Extracted entries START

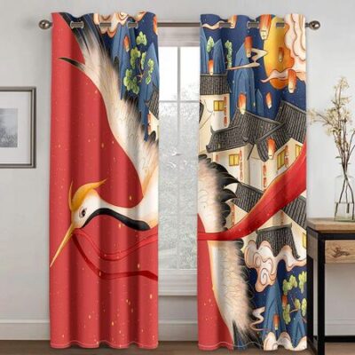 Японский стиль животное зверь дракон тигр журавль волна высокая затемняющая штора спальня гостиная студия окно затемняющая штора 2 шт. W55 X H120cm X 2Grommet Top
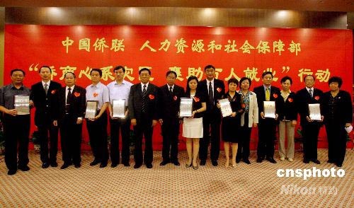 5月30日,“侨商心系灾区 襄助万人就业”行动在北京启动。中国侨联主席林军、人力资源和社会保障部副部长张小建、中国侨联副主席林明江、李祖沛、林淑娘、董中原以及北京、重庆、广东、江苏、浙江、四川、江西、河北等省市侨联、侨商会、侨商企业家的代表出席了启动仪式。启动仪式上,四川省侨联代表介绍了灾情和灾区人员安置需求情况,中国侨商联合会代表北京华商会、重庆华商会、江苏侨商总会、广东国际华商会、浙江华商会、四川华商会等七家侨商组织向广大侨商企业家及社会各界企业家发出了开展援助灾区群众就业的倡议。到会的侨联、侨商会及侨商企业家代表积极响应倡议,现场与四川省侨联签订就业援助岗位意向13700名。中新社发 张勤 摄
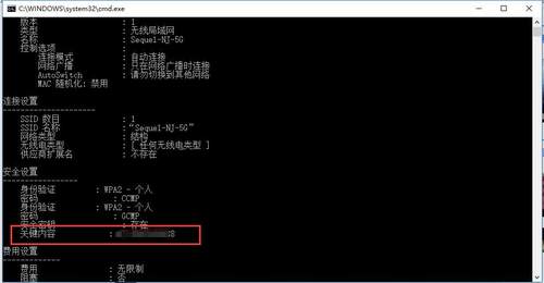 然后按下回车,在显示出来的“安全设置”一栏当中,“关键内容”所显示的,就是该WiFi热点对应的密码了。
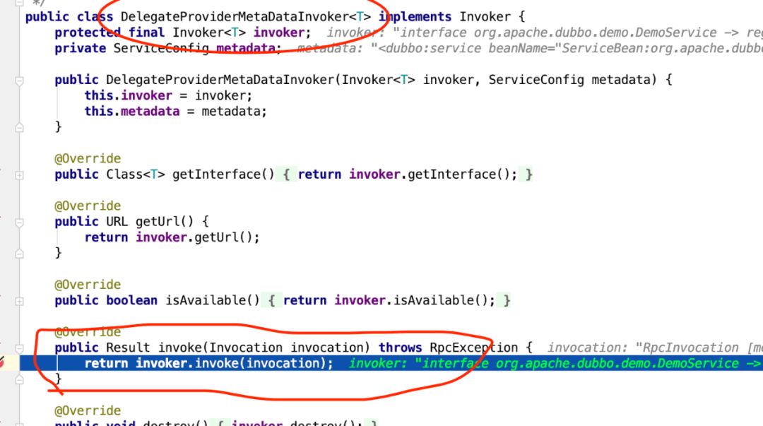 分析到这,你应该知道过滤器是怎么起作用了吧。请求先是经过过滤器处理,如果过滤器都不过滤请求,会先到配置层包装的DelegateProviderMetaDataInvoker。跳过过滤器,直接在DelegateProviderMetaDataInvoker的invoker方法中下断点。
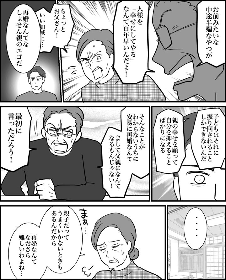 もともと両親は再婚に良い顔をしていなかった。子どもがいる相手は難しいだろうという理由だった。きっと子どもたちの「親」になることを俺が安易に考えていると、両親には見透かされていたのだろう。
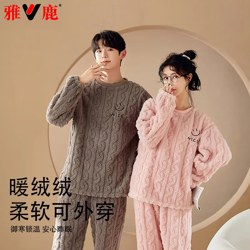 ¥99.9 雅鹿男士睡衣秋冬季加绒加厚情侣款可外穿保暖防寒男女家居服套装 灰色(男款) 2XL 109.9
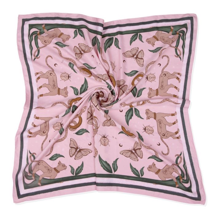 Pañuelo cuadrado rosa con estampado de fantasía. Perfecto para anudar y decorar tus peinados. Además, gracias a su tamaño, podrás utilizarlo como prenda de ropa.
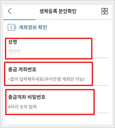 처음 지문등록을 하는 경우 개인정보 확인부터 필요하다. 이름, 주민번호, 연락처 인증을 통하여 확인이 되면 다음 과정인 계좌정보 확인으로 넘어간다.

Extracted entries END

Work request: Each record should be printed exactly as it appears, leaving the pictures out.

Solution below:
 Японский стиль животное зверь дракон тигр журавль волна высокая затемняющая штора спальня гостиная студия окно затемняющая штора 2 шт. W55 X H120cm X 2Grommet Top
 5月30日,“侨商心系灾区 襄助万人就业”行动在北京启动。中国侨联主席林军、人力资源和社会保障部副部长张小建、中国侨联副主席林明江、李祖沛、林淑娘、董中原以及北京、重庆、广东、江苏、浙江、四川、江西、河北等省市侨联、侨商会、侨商企业家的代表出席了启动仪式。启动仪式上,四川省侨联代表介绍了灾情和灾区人员安置需求情况,中国侨商联合会代表北京华商会、重庆华商会、江苏侨商总会、广东国际华商会、浙江华商会、四川华商会等七家侨商组织向广大侨商企业家及社会各界企业家发出了开展援助灾区群众就业的倡议。到会的侨联、侨商会及侨商企业家代表积极响应倡议,现场与四川省侨联签订就业援助岗位意向13700名。中新社发 张勤 摄
 然后按下回车,在显示出来的“安全设置”一栏当中,“关键内容”所显示的,就是该WiFi热点对应的密码了。
 分析到这,你应该知道过滤器是怎么起作用了吧。请求先是经过过滤器处理,如果过滤器都不过滤请求,会先到配置层包装的DelegateProviderMetaDataInvoker。跳过过滤器,直接在DelegateProviderMetaDataInvoker的invoker方法中下断点。
 もともと両親は再婚に良い顔をしていなかった。子どもがいる相手は難しいだろうという理由だった。きっと子どもたちの「親」になることを俺が安易に考えていると、両親には見透かされていたのだろう。
 ¥99.9 雅鹿男士睡衣秋冬季加绒加厚情侣款可外穿保暖防寒男女家居服套装 灰色(男款) 2XL 109.9
 Pañuelo cuadrado rosa con estampado de fantasía. Perfecto para anudar y decorar tus peinados. Además, gracias a su tamaño, podrás utilizarlo como prenda de ropa.
 처음 지문등록을 하는 경우 개인정보 확인부터 필요하다. 이름, 주민번호, 연락처 인증을 통하여 확인이 되면 다음 과정인 계좌정보 확인으로 넘어간다.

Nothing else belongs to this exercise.